Em período eleitoral para as eleições de 08 de Maio, quando a África do Sul vai conhecer a nova composição do seu Parlamento, que vai determinar, segundo o sistema eleitoral local, o Presidente do país, e ainda os eleitos das assembleias regionais, Cyril Ramaphosa, num discurso proferido na passada semana, deitou achas para a fogueira do ódio xenófobo no país, despoletando mais uma vaga contra estrangeiros, especialmente dos países vizinhos.

Desta feita, Ramaphosa, que é tido como um político moderado e pouco dado a radicalismos de natureza racial ou xenófoba, atiçou os ânimos contra os pequenos comerciantes que se instalam nas townships - musseques sul-africanos -, na sua grande maioria estrangeiros oriundos dos países limítrofes ou ainda do Paquistão, Índia ou Bangladesh.

As palavras que levaram a chama ao rastilho social na África do Sul, transmitidas num canal de TV, a 20 de Março, e nas redes sociais, foram estas: "Todos chegam às nossas townships e montam negócios sem ter licenças e autorizações, mas vamos acabar com isso e quem estiver ilegal, tenha a origem que tiverem fica a saber que isso vai acabar".

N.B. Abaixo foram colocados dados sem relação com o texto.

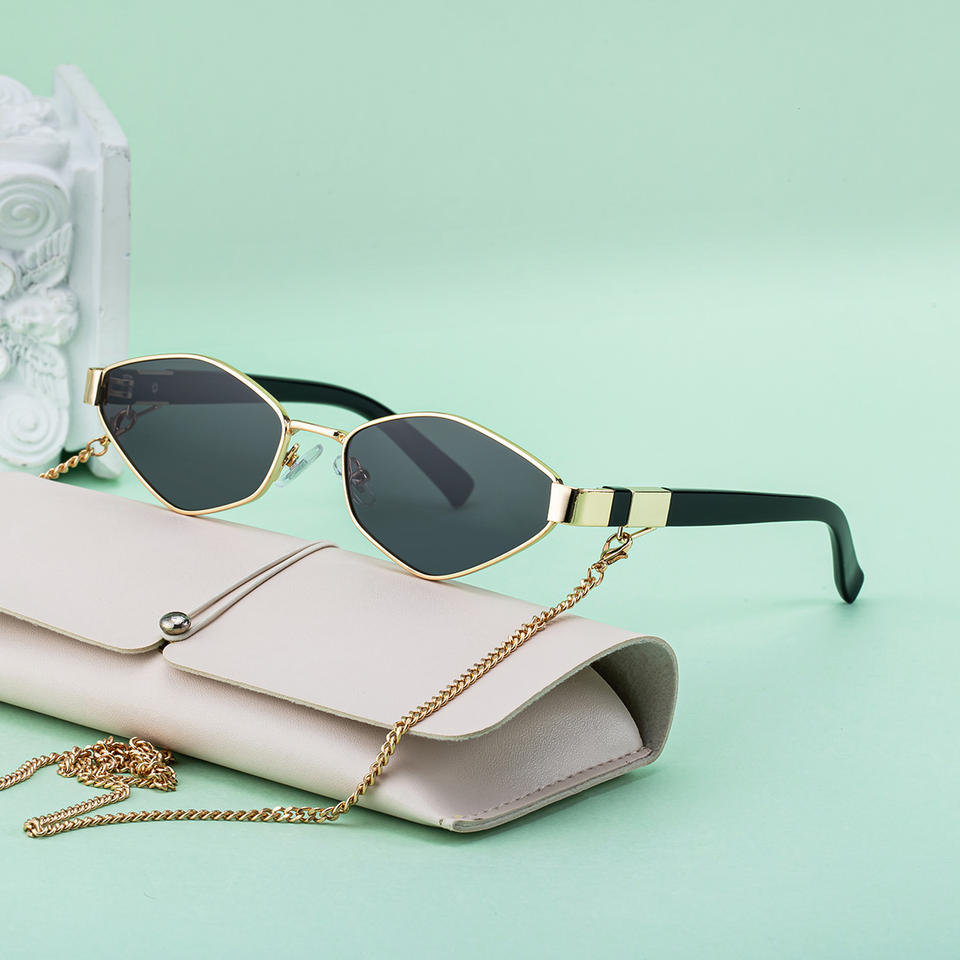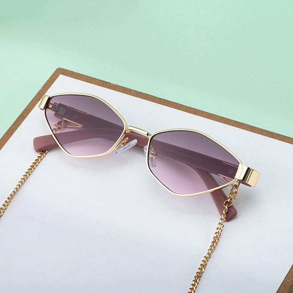 Lunettes de soleil Partagas Polygon, monture complète, chaîne en alliage de cuivre pour femmes, style streetwear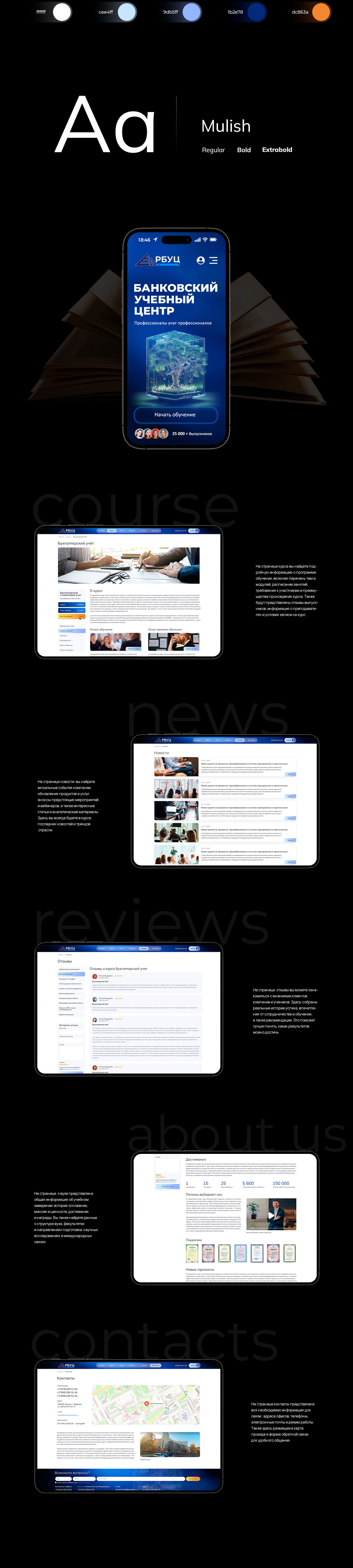 Разработали дизайн и создали адаптивный сайт-каталог для Регионального банковского учебного центра в Воронеже. РБУЦ был основан в 1996 году для подготовки и переподготовки банковских специалистов. С момента основания РБУЦ стремился к высокому качеству обучения, сотрудничая с такими партнерами, как Международная Финансово-Банковская Школа (ММФБШ, Москва) и Институт Экономического Развития (ИЭР). Благодаря этому сотрудничеству центр получил доступ к передовому международному опыту в банковском и бизнес-образовании, а также к высококвалифицированной экспертной поддержке.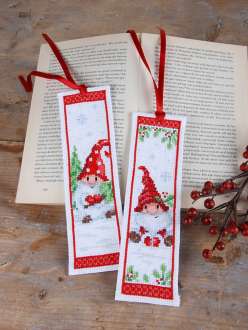 Lesezeichen "Wichtel", im 2er-Set, zum Besticken nach Zählvorlage in Kreuz- und Spannstich (ca. 5,4 Stiche/cm). Komplettpackung: Anleitung, Zählvorlage, Garn, Sticknadel. Stofffarbe: weiß. Größe: 6 x 20 cm. Material: Aida-Stoff und Garn 100 % Baumwolle.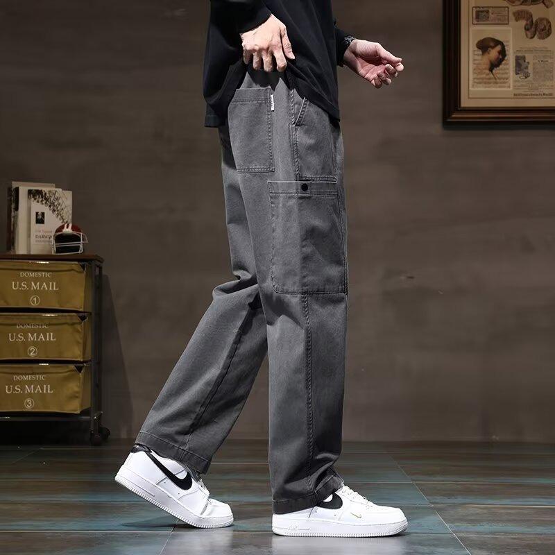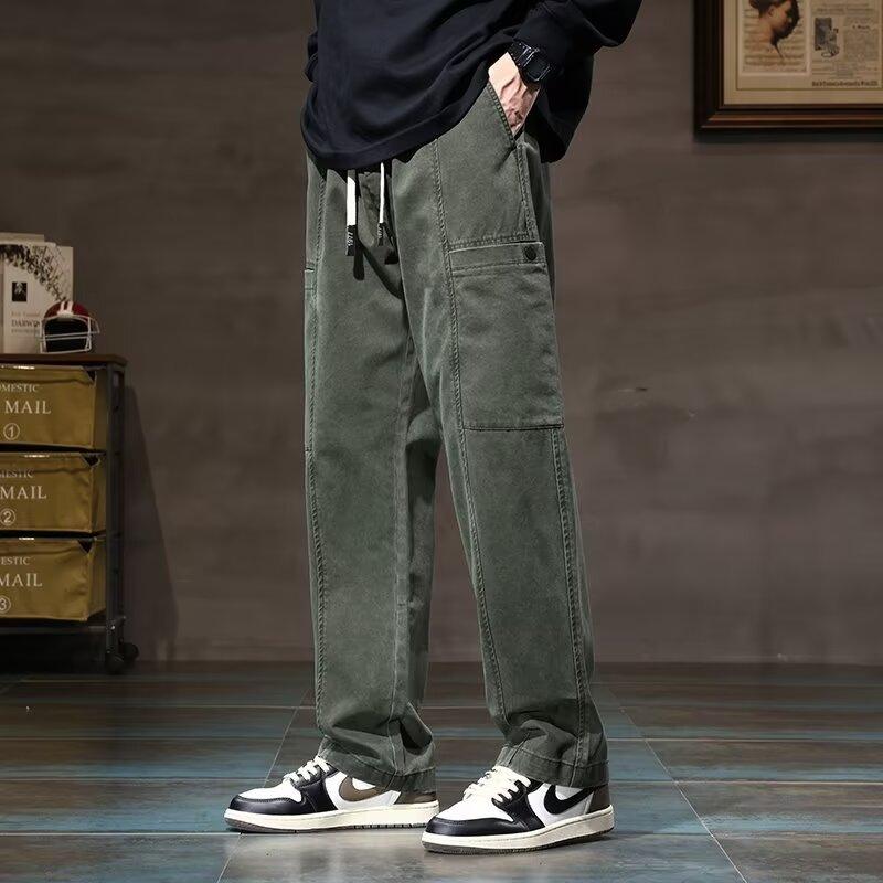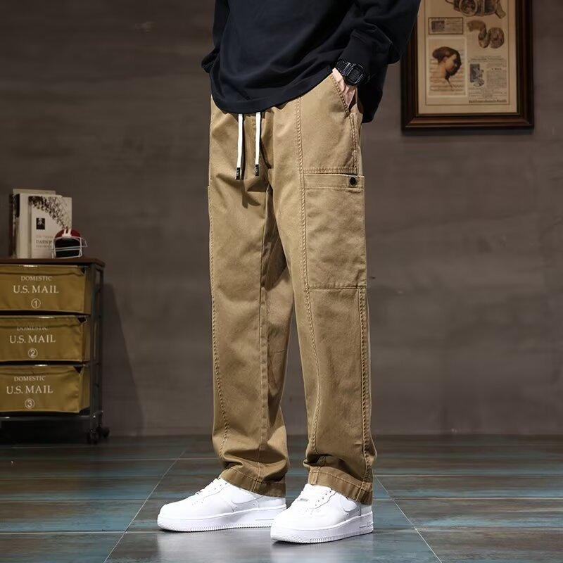 Повседневные брюки мужские весна и осень новые свободные модные брендовые прямые рабочие мужские модные брендовые длинные брюки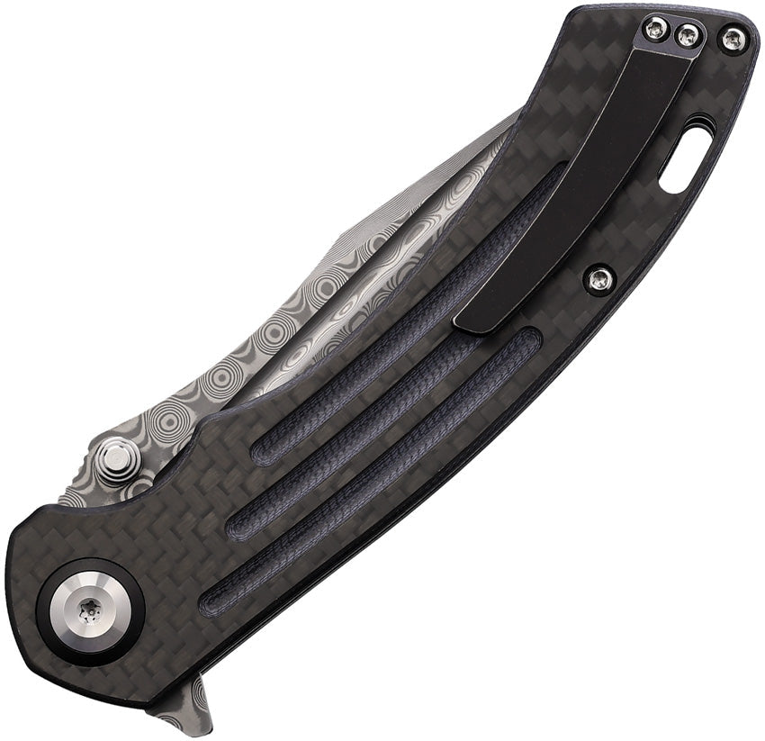 4.75" (12.07cm) closed. 3.75" (9.53cm) Damascus steel tanto blade. Extended tang. Lanyard hole. Pocket clip. Thumb stud. Black carbon fiber and G10 handle. Black nylon pouch. Boxed.

Com registo de episódios de violência em vários pontos do país mas com destaque para a cidade de Durban, e com um registo de dezenas de feridos e vários mortos, que vão de três a mais de uma dezena, de acordo com várias fontes, carros e lojas de estrangeiros incendiadas, pessoas agredidas na rua sob a acusação de que estão a roubar os empregos aos sul-africanos, o Presidente Cyril Ramaphosa, depois de ter feito de incendiário veio a público na condição de bombeiro para tentar apagar o fogo social que o próprio ajudou a alastrar.

Mesmo que nas suas palavras não tenha recorrido ao termo estrangeiro, a verdade é que este tipo de situação não é nova na África do Sul, havendo, desde o fim do apartheid, em 1994, dezenas de períodos de grande tensão e violência xenófoba, coincidindo com o aprofundar da crise económica que o país vive, e que é cada vez mais intensa, sendo natural que as comunidades mais afectadas pelo desemprego tenha interpretado as suas palavras como uma espécie de autorização "oficial" para atacar estrangeiros.

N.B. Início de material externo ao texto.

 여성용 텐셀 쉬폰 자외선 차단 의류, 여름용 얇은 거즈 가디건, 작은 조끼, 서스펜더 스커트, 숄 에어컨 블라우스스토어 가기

Face ao resultado das suas palavras, Ramaphosa procurou corrigir o tiro dizendo que este tipo de incidentes "violam tudo aquilo pelo qual o povo sul-africano lutou durante muitas décadas", enfatizando a sua "firme condenação" dos episódios porque não é isso que define o povo da África do Sul.

Entretanto, num esforço suplementar para atacar o problema, a ministra das Relações Internacionais e Cooperação, Lindiwe Sisulu, agendou para hoje uma reunião com os embaixadores da Comunidade de Desenvolvimento da África Austral, da Índia, do Paquistão e do Bangladesh, por serem as comunidades mais atingidas, com quem pretende discutir a onda de violência xenófoba, contando também com o ministro da Polícia, Bhekokwakhe "Bheki" Hamilton Cele.

Lindiwe Sisulu foi a primeira a sair a público para tentar reparar os danos provocados pelas palavras de Ramaphosa, enfatizando as preocupações do Governo do ANC, partido histórico que dirige o país desde o fim do apartheid mas que tem vindo a perder fulgor eleitoral no país nos últimos actos eleitorais devido não só à corrupção mas essencialmente pela aparente incapacidade para resolver os problemas económicos da África do Sul e que tem nestas eleições de 08 de Maio um teste de extrema importância para o seu futuro.

"Reconhecemos (o Governo a que pertence) os sacrifícios de cidadãos de muitos países africanos que foram muito importantes para o fim do regime do apartheid", disse a ministra, procurando atenuar o ímpeto sanguinário contra as comunidades estrangeiras, com os ataques massivos contra moçambicanos e zimbabueanos há uns anos, que fizeram muitas dezenas de mortos.

Recorde-se que alguns dos episódios desta onda de violência foram filmados e os vídeos colocados nas redes sociais, nomeadamente de camiões e outros veículos comerciais a arder, ataques a pessoas indefesas, etc, o que gerou uma forte indignação internacional.